Но Москва не Мюнстерайфель. И на календаре уже полтора десятка лет значился век XIX. Словом, на него оборачивались.
Но не только по причине странного для Якиманки или Охотного ряда облачения. Оборачивались еще и потому, что многие знали его лично или в лицо или, по крайней мере,
были о нем наслышаны. Да, человек этот в те годы слыл в Москве личностью чрезвычайно популярной и уважаемой. О нем московские остряки даже куплеты сложили.
Не сатирические, нет, наоборот, уважительные:
Доктор Газ уложит в постель,
Закутает во фланель,
Поставит фонтанель,
Пропишет каломель...
Но настоящая его фамилия была не Газ, а Гааз — Фридрих Иосиф Гааз. Родился близ Кёльна, в семье доктора медицины, получил серьезное образование:
окончив первоначально курс математики и философии в Йенском университете, затем основательно изучил в Вене медицину. И оказался, что называется, врачом от Бога.

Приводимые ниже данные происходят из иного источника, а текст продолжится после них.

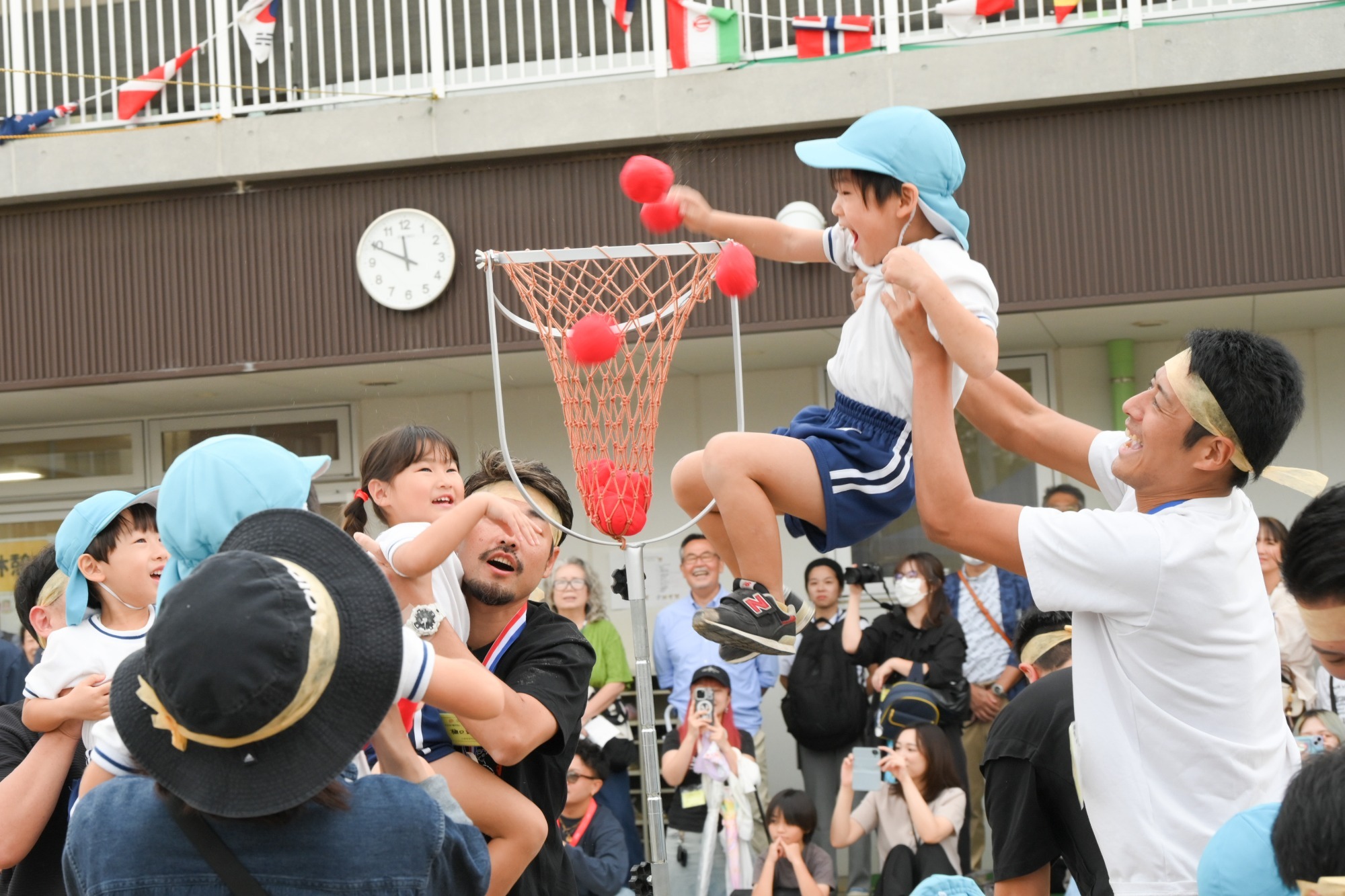 4歳児クラスの子どもたちはパラバルーンや親子での玉入れ!
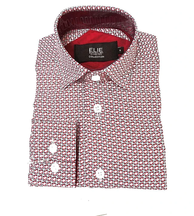 Elie Balleh Big Boys Red White Neat Short Sleeve Slim Fit Shirt

Возможно, служил бы он родной Германии, а может, и вообще стал бы общеевропейским светилом, если бы не судьба, которая распорядилась иначе.
Никто так толком и не знает, почему широко образованный молодой человек, еще вчера коротавший свободные часы в уютных венских кофейнях за разговорами
о разных мудрых материях, сегодня вдруг оказывается на не слишком уютных колдобинах Российской империи, в почтовой карете,
уносящей все дальше на восток от налаженного европейского быта, любящих родных, друзей, профессоров, карьеры...
Формальным поводом для столь крутого поворота в жизни Гааза явилось приглашение княгини Репниной стать ее домашним доктором,
после того как молодой врач успешно излечил княгиню от глазной болезни.
Хотя ясно, что в Россию Гааза влекло нечто совсем иное, а вовсе не обеспеченное существование в княжеском доме.
Напоследок Гааз писал дяде:
«Если этот шаг покарает меня чем-либо добрым, то главное — это то, что он отвечает той вполне неожиданной, неясной возможности,
открывшейся как раз в то время, когда совершенно необъяснимое, невыносимое беспокойство гнало меня прочь из Вены».
С 1806 года он уже в Москве, успешно занимается медицинской практикой, известность его растет очень быстро.
Видимо, сказывается счастливое сочетание качеств: природный талант врача, сострадательность, широкие общие знания, хорошие манеры.
Вскоре он научился русскому языку и как-то незаметно из Фридриха Иосифа превратился в Федора Петровича.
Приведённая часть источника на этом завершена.